> _EXERCISE GOAL_
Your answer must be the exact lines of the listing below that run from the line with "Appartamento può accogliere" to the line with "White Paisley Designer", ends included, and no pictures.

> _SUPPLIED INFORMATION_

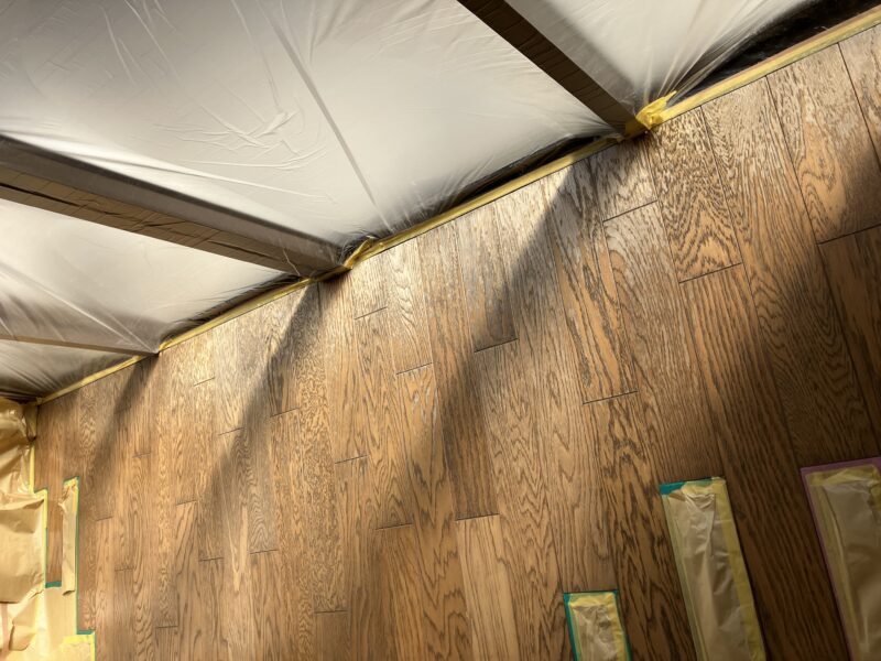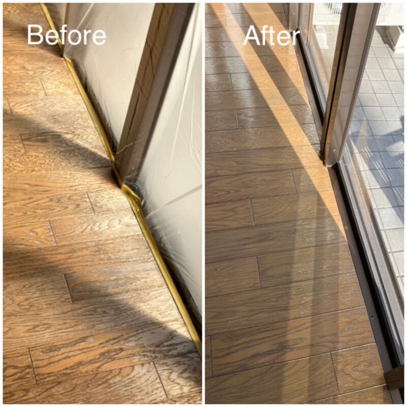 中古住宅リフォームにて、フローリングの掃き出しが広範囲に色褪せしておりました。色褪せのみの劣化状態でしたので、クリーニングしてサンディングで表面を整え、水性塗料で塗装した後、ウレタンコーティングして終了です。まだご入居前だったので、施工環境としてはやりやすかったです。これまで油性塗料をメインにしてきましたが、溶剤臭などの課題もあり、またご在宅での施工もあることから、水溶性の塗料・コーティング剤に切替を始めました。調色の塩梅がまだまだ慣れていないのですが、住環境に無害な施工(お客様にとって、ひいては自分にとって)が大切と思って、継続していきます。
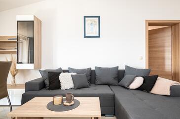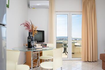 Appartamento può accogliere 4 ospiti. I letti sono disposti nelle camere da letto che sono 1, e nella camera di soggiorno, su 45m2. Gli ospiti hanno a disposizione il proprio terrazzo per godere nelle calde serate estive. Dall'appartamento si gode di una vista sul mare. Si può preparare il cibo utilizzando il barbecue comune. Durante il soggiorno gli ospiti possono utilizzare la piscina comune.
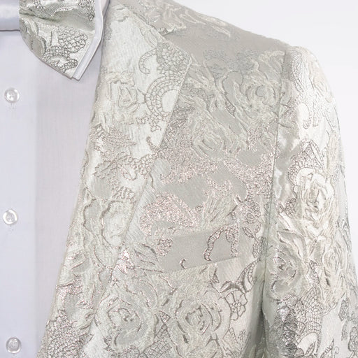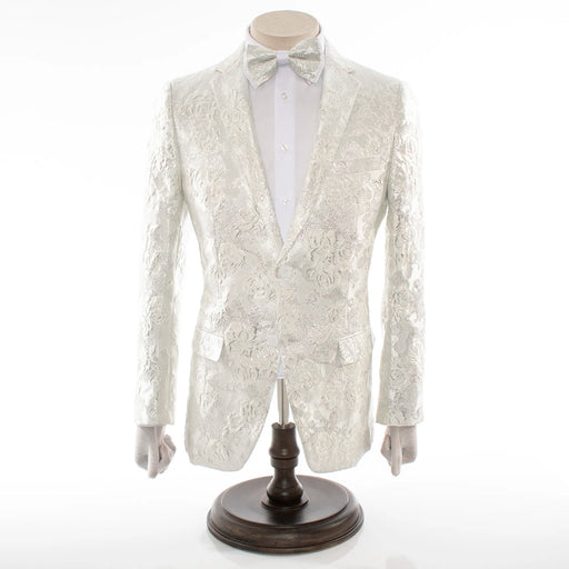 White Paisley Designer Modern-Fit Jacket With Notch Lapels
---
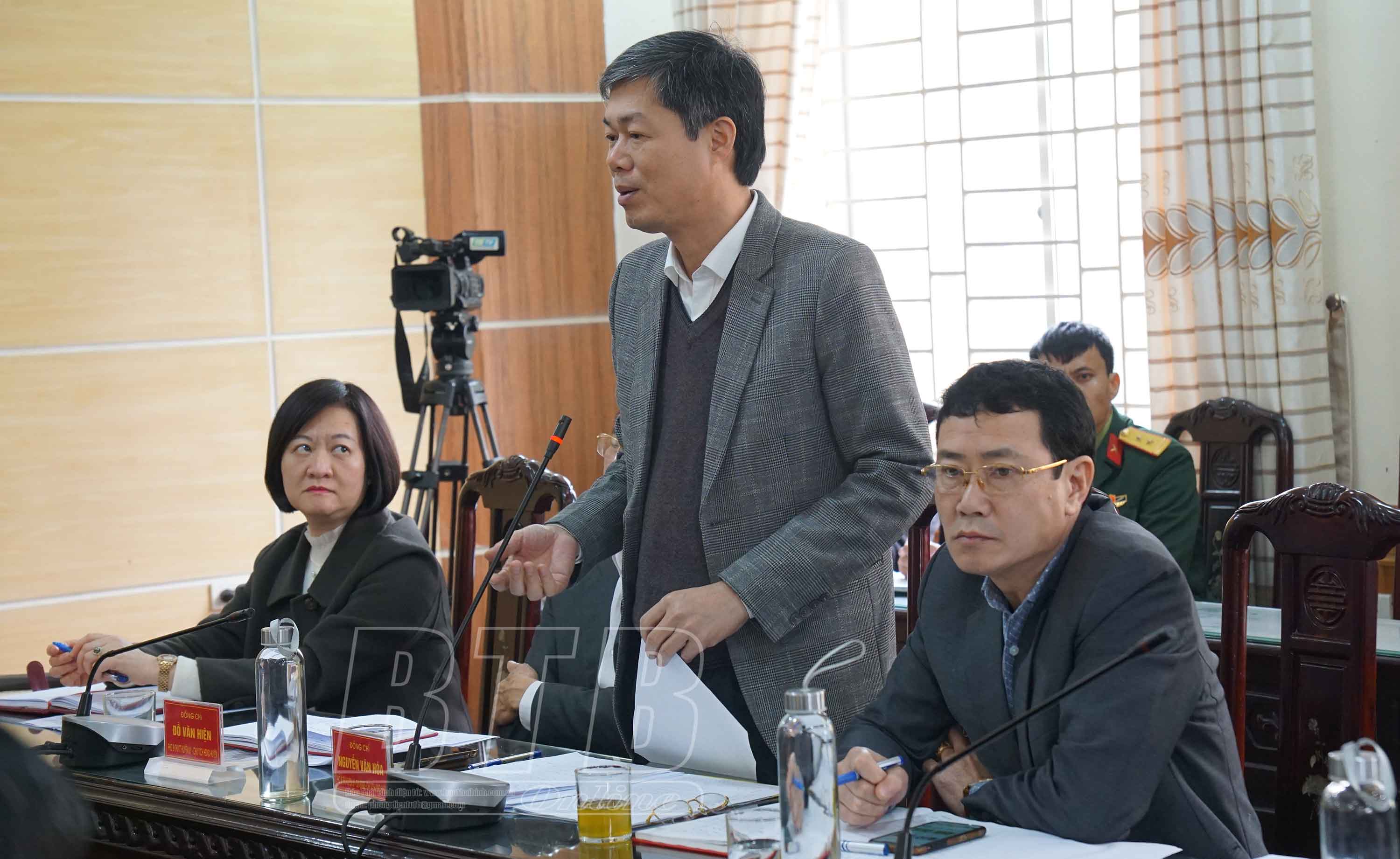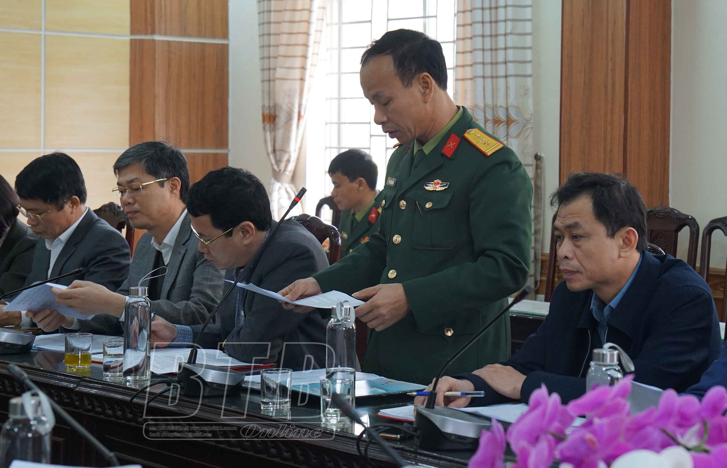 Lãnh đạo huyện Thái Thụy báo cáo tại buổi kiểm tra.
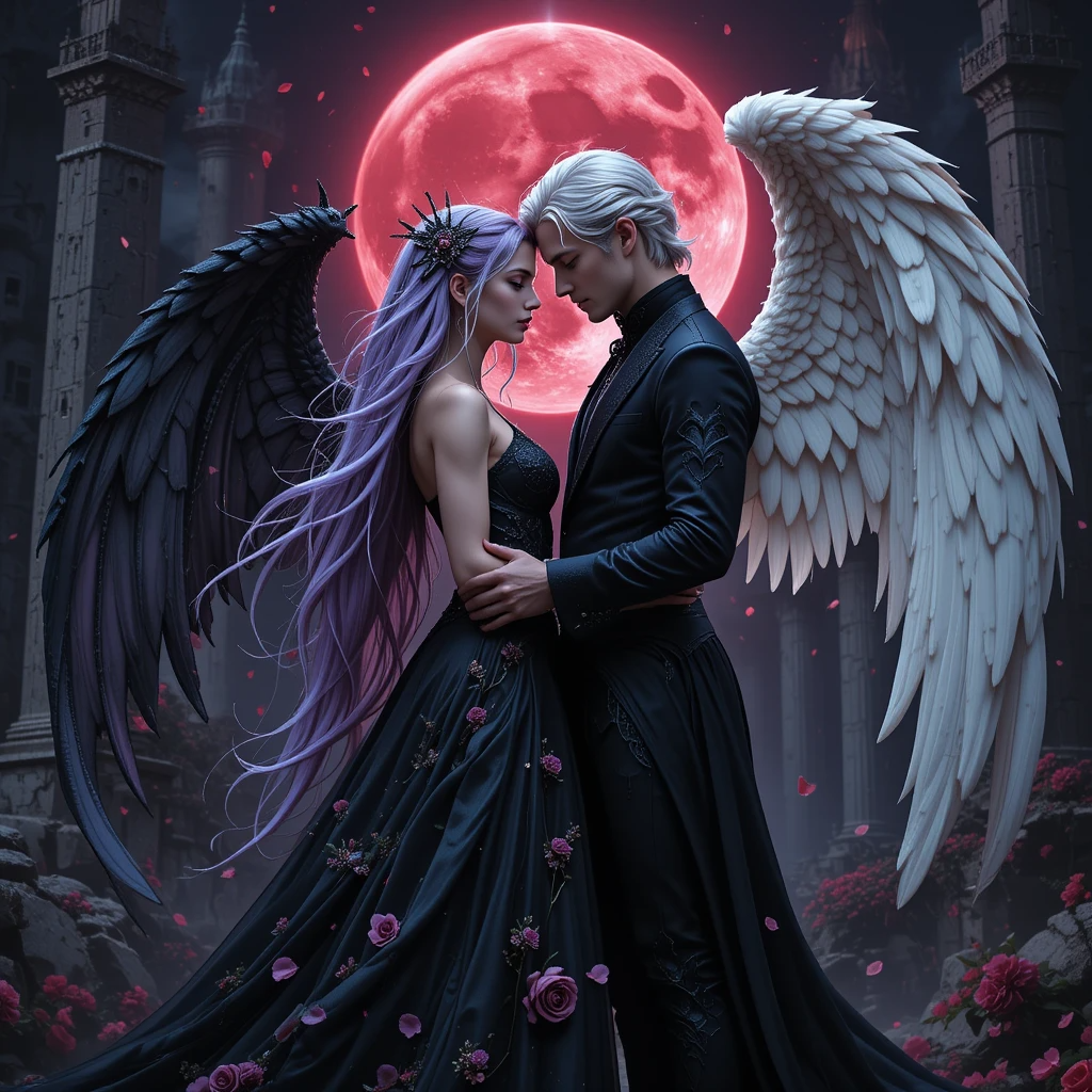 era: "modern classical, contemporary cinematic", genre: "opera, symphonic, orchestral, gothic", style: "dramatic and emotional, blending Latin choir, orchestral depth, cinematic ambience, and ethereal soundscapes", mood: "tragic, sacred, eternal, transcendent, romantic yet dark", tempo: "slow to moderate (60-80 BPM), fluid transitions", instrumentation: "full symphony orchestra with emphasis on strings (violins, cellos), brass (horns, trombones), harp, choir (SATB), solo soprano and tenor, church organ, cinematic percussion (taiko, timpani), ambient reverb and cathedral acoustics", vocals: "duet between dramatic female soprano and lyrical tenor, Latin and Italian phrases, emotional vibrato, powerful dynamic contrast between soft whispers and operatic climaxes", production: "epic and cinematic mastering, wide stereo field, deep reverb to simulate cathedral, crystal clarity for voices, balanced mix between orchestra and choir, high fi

> _ANSWER TO THIS PROBLEM_
 Appartamento può accogliere 4 ospiti. I letti sono disposti nelle camere da letto che sono 1, e nella camera di soggiorno, su 45m2. Gli ospiti hanno a disposizione il proprio terrazzo per godere nelle calde serate estive. Dall'appartamento si gode di una vista sul mare. Si può preparare il cibo utilizzando il barbecue comune. Durante il soggiorno gli ospiti possono utilizzare la piscina comune.
 White Paisley Designer Modern-Fit Jacket With Notch Lapels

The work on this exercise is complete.